• Raw data:
[Start of section]

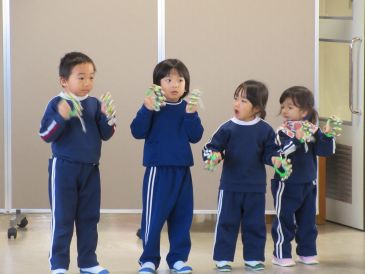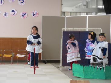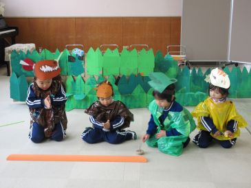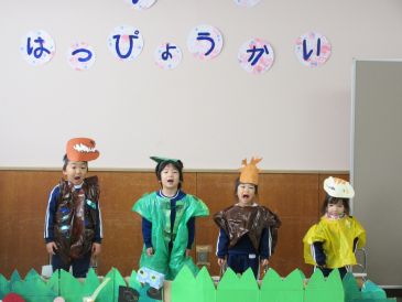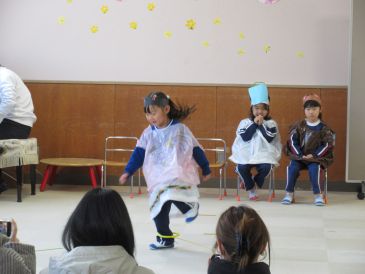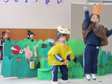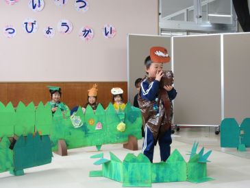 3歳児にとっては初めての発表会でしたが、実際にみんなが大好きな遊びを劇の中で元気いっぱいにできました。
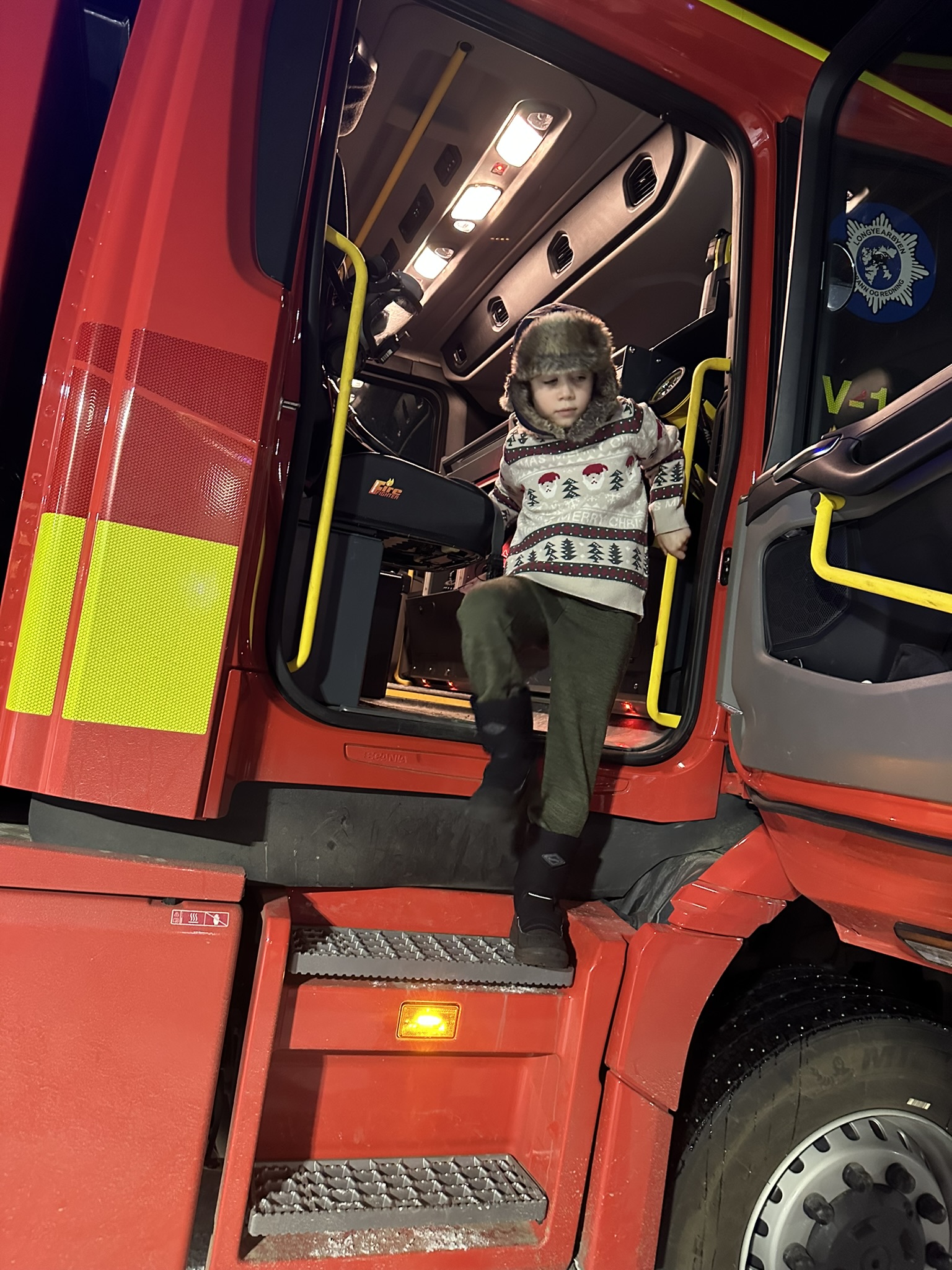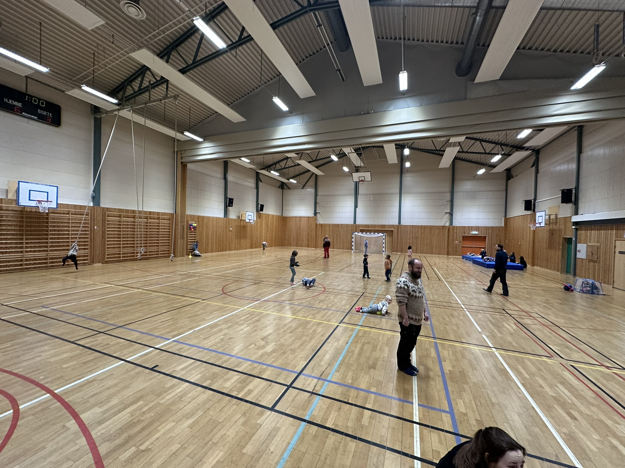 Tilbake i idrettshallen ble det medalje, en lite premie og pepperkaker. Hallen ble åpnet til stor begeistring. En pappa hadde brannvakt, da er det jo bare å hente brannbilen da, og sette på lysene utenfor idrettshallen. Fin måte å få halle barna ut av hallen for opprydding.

[End of section]
[Start of section]

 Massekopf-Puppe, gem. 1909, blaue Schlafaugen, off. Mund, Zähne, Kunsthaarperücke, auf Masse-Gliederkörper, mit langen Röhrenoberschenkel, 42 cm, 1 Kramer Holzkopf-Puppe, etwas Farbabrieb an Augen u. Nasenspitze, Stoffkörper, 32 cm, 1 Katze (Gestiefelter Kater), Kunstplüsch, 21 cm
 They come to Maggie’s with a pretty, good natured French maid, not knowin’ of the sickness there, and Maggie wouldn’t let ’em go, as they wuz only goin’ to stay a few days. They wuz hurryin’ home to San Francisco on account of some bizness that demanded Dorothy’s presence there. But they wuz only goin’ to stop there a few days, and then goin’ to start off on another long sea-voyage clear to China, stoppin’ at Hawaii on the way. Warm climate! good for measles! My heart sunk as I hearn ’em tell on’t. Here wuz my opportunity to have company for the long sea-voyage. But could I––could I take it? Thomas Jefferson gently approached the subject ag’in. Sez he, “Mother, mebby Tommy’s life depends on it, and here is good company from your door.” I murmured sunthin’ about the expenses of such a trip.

[End of section]

The lines to extract from the data above begin with the line containing "Massekopf-Puppe, gem. 1909, blaue" and end with the line containing "They come to". Extract them exactly, including both.

• Answer space:
 Massekopf-Puppe, gem. 1909, blaue Schlafaugen, off. Mund, Zähne, Kunsthaarperücke, auf Masse-Gliederkörper, mit langen Röhrenoberschenkel, 42 cm, 1 Kramer Holzkopf-Puppe, etwas Farbabrieb an Augen u. Nasenspitze, Stoffkörper, 32 cm, 1 Katze (Gestiefelter Kater), Kunstplüsch, 21 cm
 They come to Maggie’s with a pretty, good natured French maid, not knowin’ of the sickness there, and Maggie wouldn’t let ’em go, as they wuz only goin’ to stay a few days. They wuz hurryin’ home to San Francisco on account of some bizness that demanded Dorothy’s presence there. But they wuz only goin’ to stop there a few days, and then goin’ to start off on another long sea-voyage clear to China, stoppin’ at Hawaii on the way. Warm climate! good for measles! My heart sunk as I hearn ’em tell on’t. Here wuz my opportunity to have company for the long sea-voyage. But could I––could I take it? Thomas Jefferson gently approached the subject ag’in. Sez he, “Mother, mebby Tommy’s life depends on it, and here is good company from your door.” I murmured sunthin’ about the expenses of such a trip.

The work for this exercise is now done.